Sunday, April 23, 2017

Building a website without bugs

A few years ago, I wanted to build a site that hosted up-to-date information that would be pulled from a datastore and provided to clients. The first solution that comes to mind is a simple php codebase that pulls data from a sql database and dynamically displayed to the user, but as well documented for decades now, it's hard to write secure code and new attacks come out all the time to exploit webapp vulnerabilities.

The extreme avenue here, swinging heavy on the security side, is to provide static content. Generally if there's no inputs, there's no injection attacks. But especially when you want to keep content up to date, even real-time, editing HTML and manually inserting new data is impractical.

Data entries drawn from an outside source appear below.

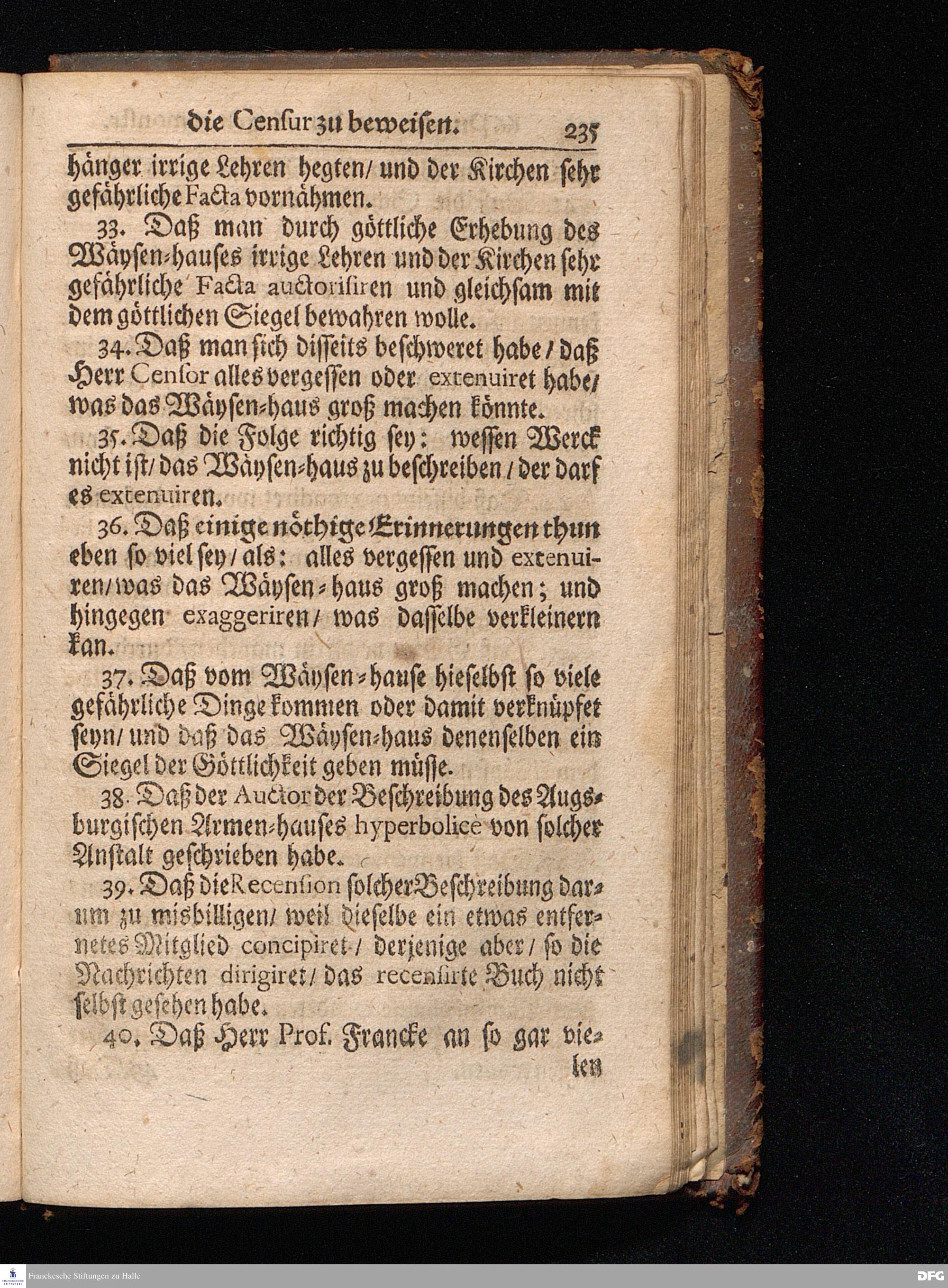 Segens=volle Fußstapfen des noch lebenden und waltenden liebreichen und getreuen GOttes / Zur Beschämung des Unglaubens und Stärckung des Glaubens entdecket durch eine wahrhafte und umständliche Nachricht von dem Wäysen=Hause und übrigen Anstalten zu Glaucha vor Halle: Welche im Jahr 1701. zum Druck befördert; ietzo aber zum dritten mal ediret / und bis auf gegenwärtiges Jahr fortgesetzet von August.Herm.Francken / S.Theol.Prof.und Past. Halle / in Verlegung des Wäysen=hauses / MDCCIX.
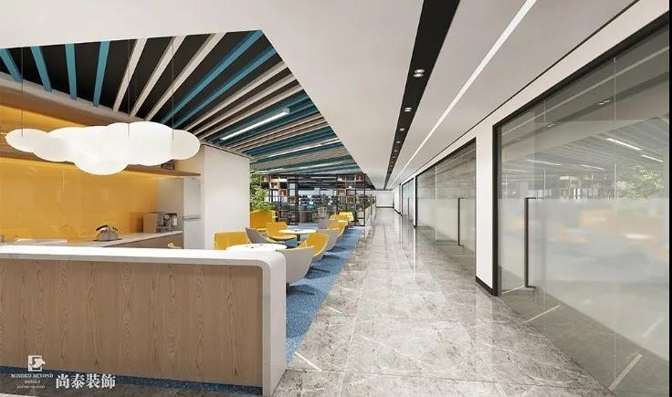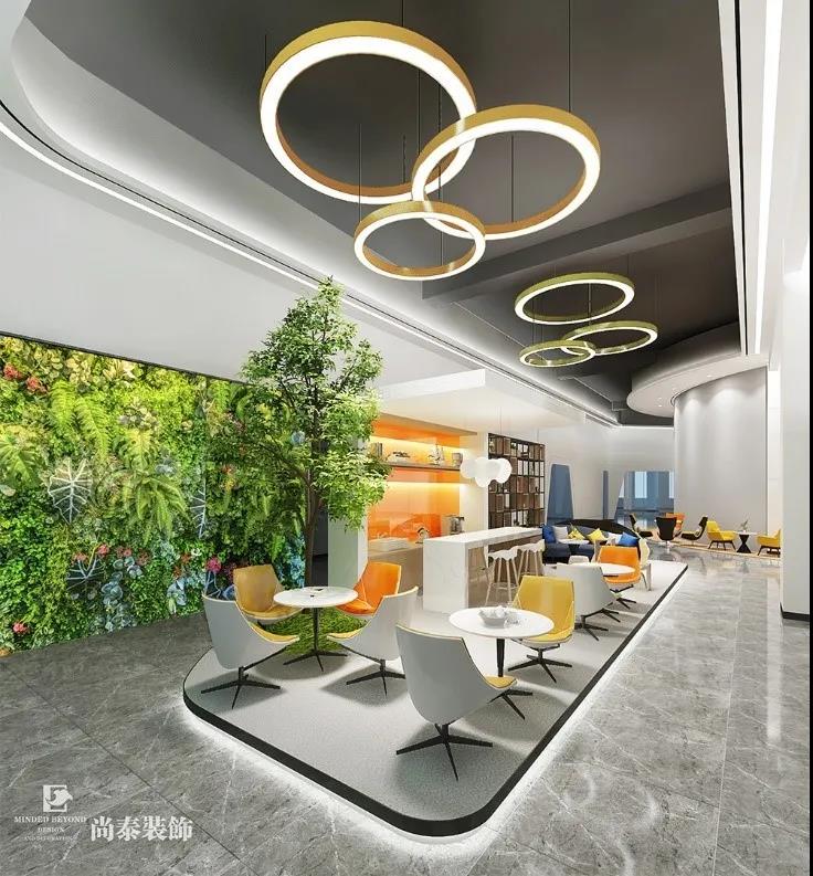 休閑區(qū)的設(shè)計,最能體現(xiàn)公司年輕活力,科技前沿的企業(yè)文化屬性。設(shè)計以黑白灰為主色調(diào),配以黃橙色等活潑色彩,加上獨具創(chuàng)意的天花和地面造型,為員工營造出年輕活潑、自由愜意的休閑空間。
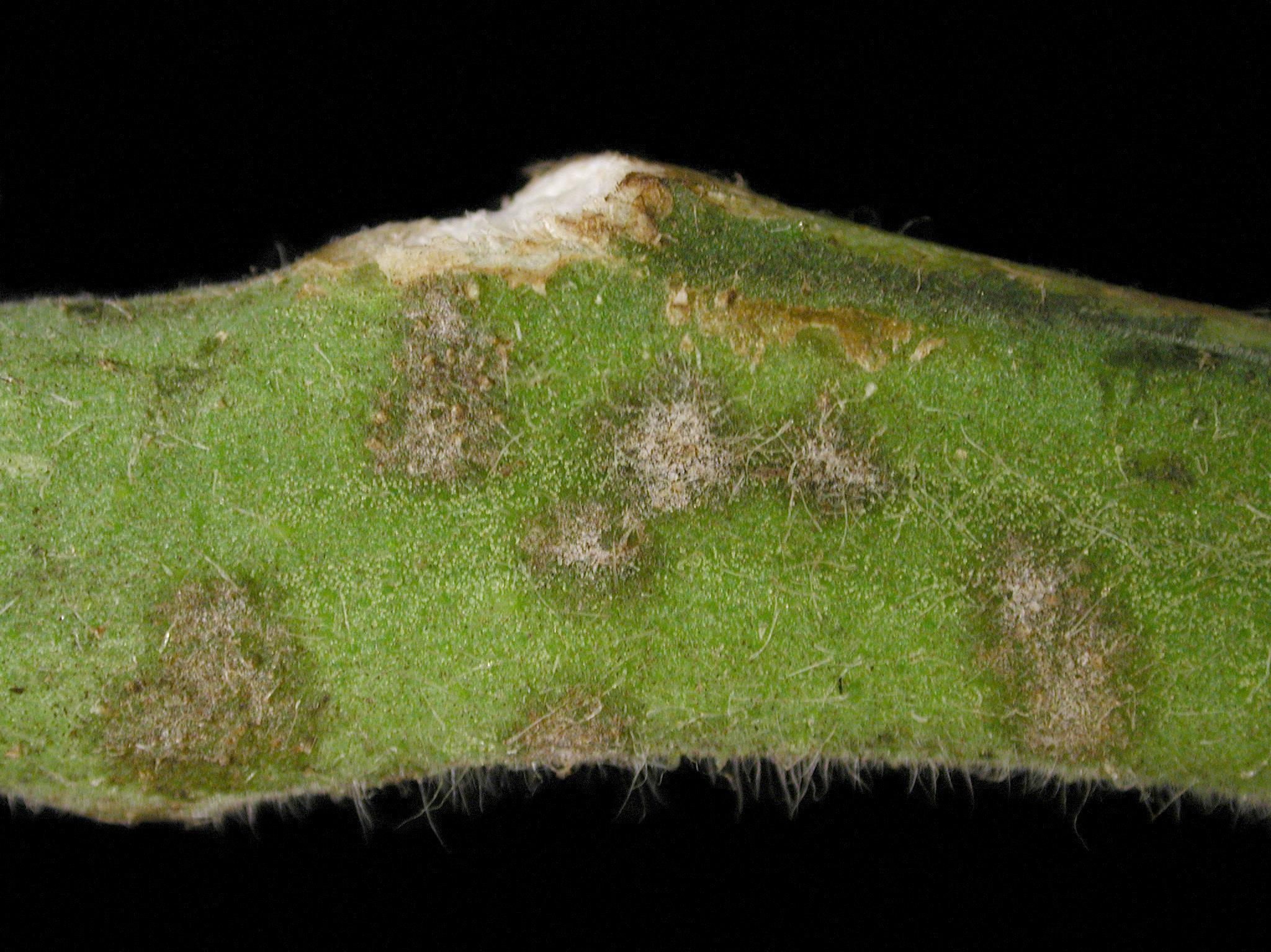 Description: Une vue rapprochée d’une tige de tomate de serre montre la présence de taches circulaires ayant une coloration blanchâtre au centre avec une marge verdâtre aqueuse. Elles sont réparties le long de la tige, mais seulement d’un côté. Les observations microscopiques ont révélé la présence de spores du champignon Oidium neolycopersici, responsable du blanc chez la tomate.
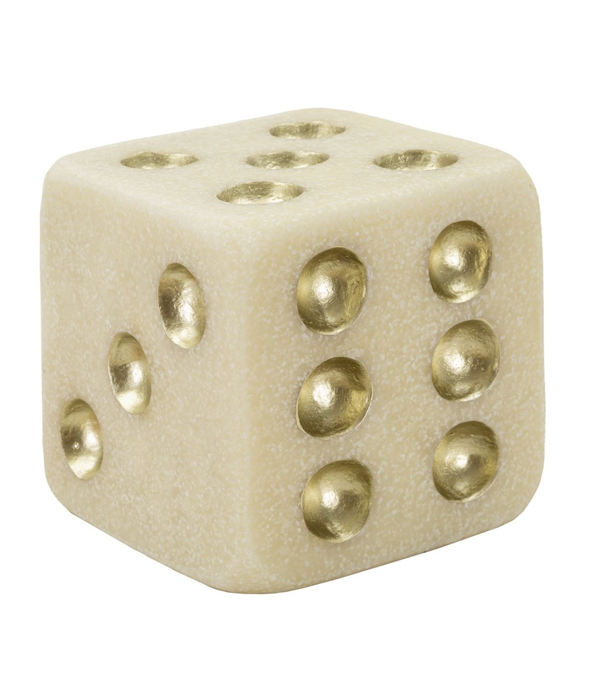 Dado elegante dai toni chiari con punti in oro. Perfetto per giochi da tavolo o collezioni. Design raffinato e moderno.
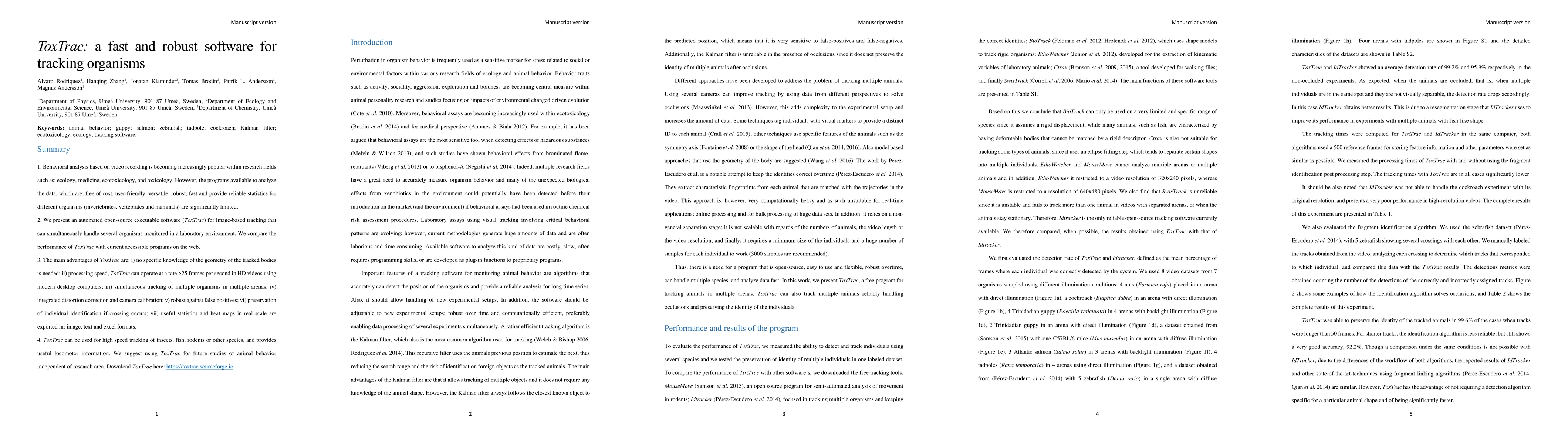 1. Behavioral analysis based on video recording is becoming increasingly popular within research fields such as; ecology, medicine, ecotoxicology, and toxicology. However, the programs available to analyze the data, which are; free of cost, user-friendly, versatile, robust, fast and provide reliable statistics for different organisms (invertebrates, vertebrates and mammals) are significantly limited. 2. We present an automated open-source executable software (ToxTrac) for image-based tracking that can simultaneously handle several organisms monitored in a laboratory environment. We compare the performance of ToxTrac with current accessible programs on the web. 3. The main advantages of ToxTrac are: i) no specific knowledge of the geometry of the tracked bodies is needed; ii) processing speed, ToxTrac can operate at a rate >25 frames per second in HD videos using modern desktop computers; iii) simultaneous tracking of multiple organisms in multiple arenas; iv) integrated distortion correction and camera calibration; v) robust against false positives; vi) preservation of individual identification if crossing occurs; vii) useful statistics and heat maps in real scale are exported in: image, text and excel formats. 4. ToxTrac can be used for high speed tracking of insects, fish, rodents or other species, and provides useful locomotor information. We suggest using ToxTrac for future studies of animal behavior independent of research area. Download ToxTrac here: https://toxtrac.sourceforge.io

So I decided to try something slightly in the middle, which didn't sacrifice security and was much more practical. One can write a python script that sits in on the server, pulls fresh data from the database at regular intervals and then generates and places the static content created on the fly in the webroot. Writing code that writes code is often messy, so that won't be fun, but it's really a short-term sacrifice for long-term security with usability. Now obviously this isn't going to be the best option if you want users to actually be able to interact with your site (other than click links or email you), but if you just want to share information, it works great.

How do you attack that website? There's no attack surface at the webapp layer. The database server is sitting on the localhost with only the script authenticating and talking to it. Just keep your webserver and certs up to date, clean data going into the database and fundamentally, you've got a solid setup with no need to worry about vulnerabilities in the website. Welcome to the 0.0001%.